### What you need to do
With pictures left out, only the lines from the one containing "Hanging lanterns and" through the end of the records should be reproduced exactly, please.

### Records excerpted from a collection
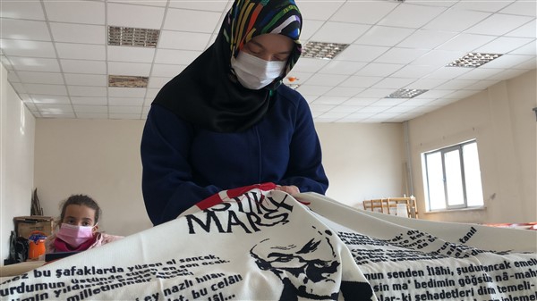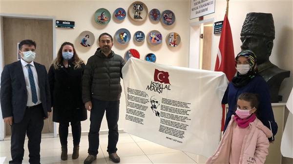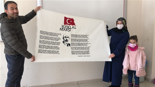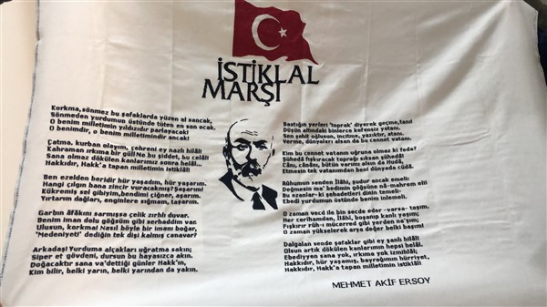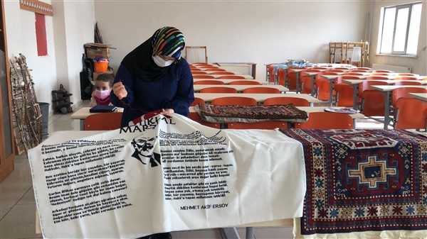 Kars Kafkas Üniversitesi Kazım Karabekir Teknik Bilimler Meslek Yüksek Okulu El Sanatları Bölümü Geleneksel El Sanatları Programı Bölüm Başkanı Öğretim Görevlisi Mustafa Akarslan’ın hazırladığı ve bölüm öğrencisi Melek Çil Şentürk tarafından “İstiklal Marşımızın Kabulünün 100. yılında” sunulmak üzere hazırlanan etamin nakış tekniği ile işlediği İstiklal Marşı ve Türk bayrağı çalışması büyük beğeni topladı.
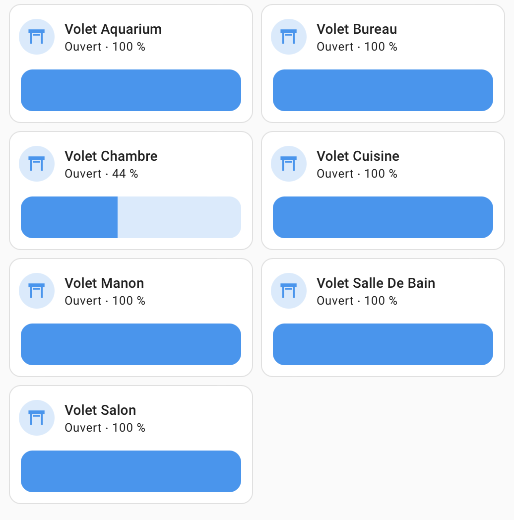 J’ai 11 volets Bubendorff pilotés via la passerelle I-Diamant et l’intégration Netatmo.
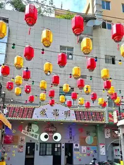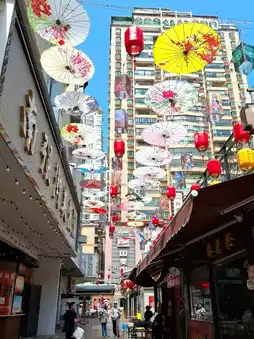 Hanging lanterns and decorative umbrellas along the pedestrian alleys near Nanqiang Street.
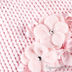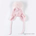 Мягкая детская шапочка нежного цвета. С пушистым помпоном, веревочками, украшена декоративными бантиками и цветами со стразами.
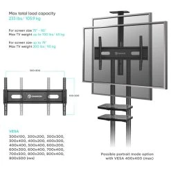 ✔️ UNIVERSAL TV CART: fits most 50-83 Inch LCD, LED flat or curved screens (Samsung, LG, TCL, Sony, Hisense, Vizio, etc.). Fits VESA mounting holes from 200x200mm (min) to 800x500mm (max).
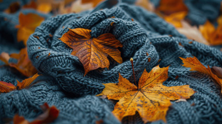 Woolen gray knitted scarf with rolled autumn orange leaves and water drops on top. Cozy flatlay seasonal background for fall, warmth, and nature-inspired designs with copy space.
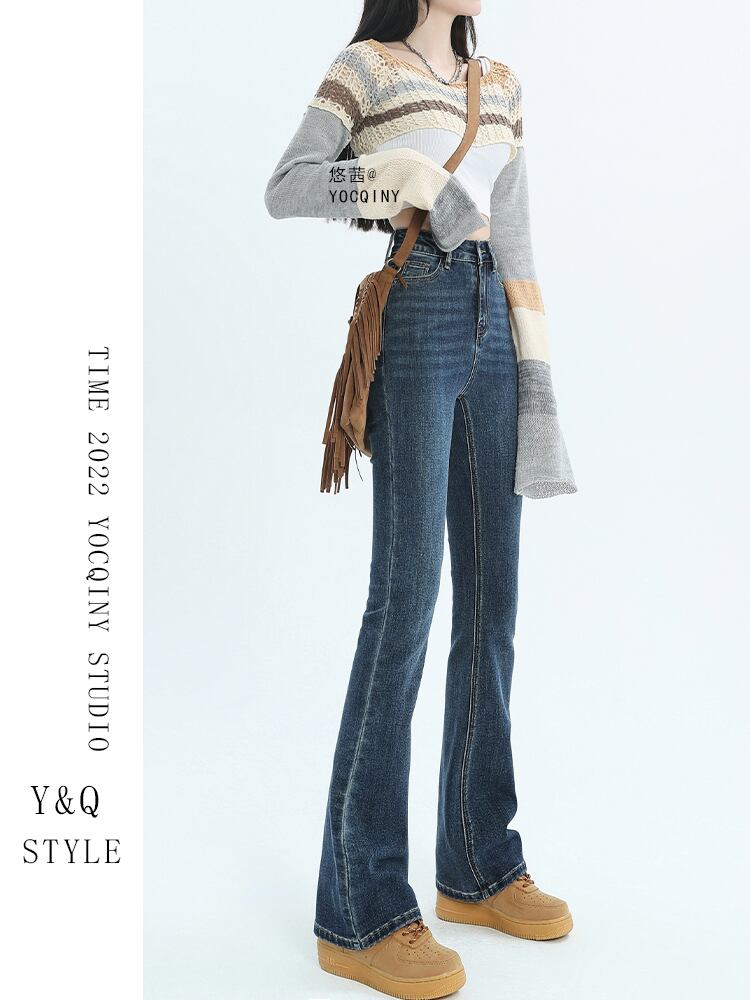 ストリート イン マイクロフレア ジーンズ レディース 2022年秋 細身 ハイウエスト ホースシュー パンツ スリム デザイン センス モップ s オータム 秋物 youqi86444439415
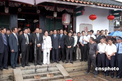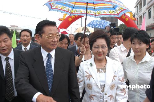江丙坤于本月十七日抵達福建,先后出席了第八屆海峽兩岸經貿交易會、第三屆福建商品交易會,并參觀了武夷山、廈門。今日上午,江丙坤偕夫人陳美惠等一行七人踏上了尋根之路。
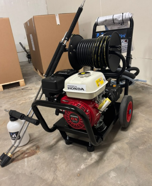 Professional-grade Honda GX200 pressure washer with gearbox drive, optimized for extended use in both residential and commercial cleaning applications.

### Written solution
 Hanging lanterns and decorative umbrellas along the pedestrian alleys near Nanqiang Street.
 Мягкая детская шапочка нежного цвета. С пушистым помпоном, веревочками, украшена декоративными бантиками и цветами со стразами.
 ✔️ UNIVERSAL TV CART: fits most 50-83 Inch LCD, LED flat or curved screens (Samsung, LG, TCL, Sony, Hisense, Vizio, etc.). Fits VESA mounting holes from 200x200mm (min) to 800x500mm (max).
 Woolen gray knitted scarf with rolled autumn orange leaves and water drops on top. Cozy flatlay seasonal background for fall, warmth, and nature-inspired designs with copy space.
 ストリート イン マイクロフレア ジーンズ レディース 2022年秋 細身 ハイウエスト ホースシュー パンツ スリム デザイン センス モップ s オータム 秋物 youqi86444439415
江丙坤于本月十七日抵達福建,先后出席了第八屆海峽兩岸經貿交易會、第三屆福建商品交易會,并參觀了武夷山、廈門。今日上午,江丙坤偕夫人陳美惠等一行七人踏上了尋根之路。
 Professional-grade Honda GX200 pressure washer with gearbox drive, optimized for extended use in both residential and commercial cleaning applications.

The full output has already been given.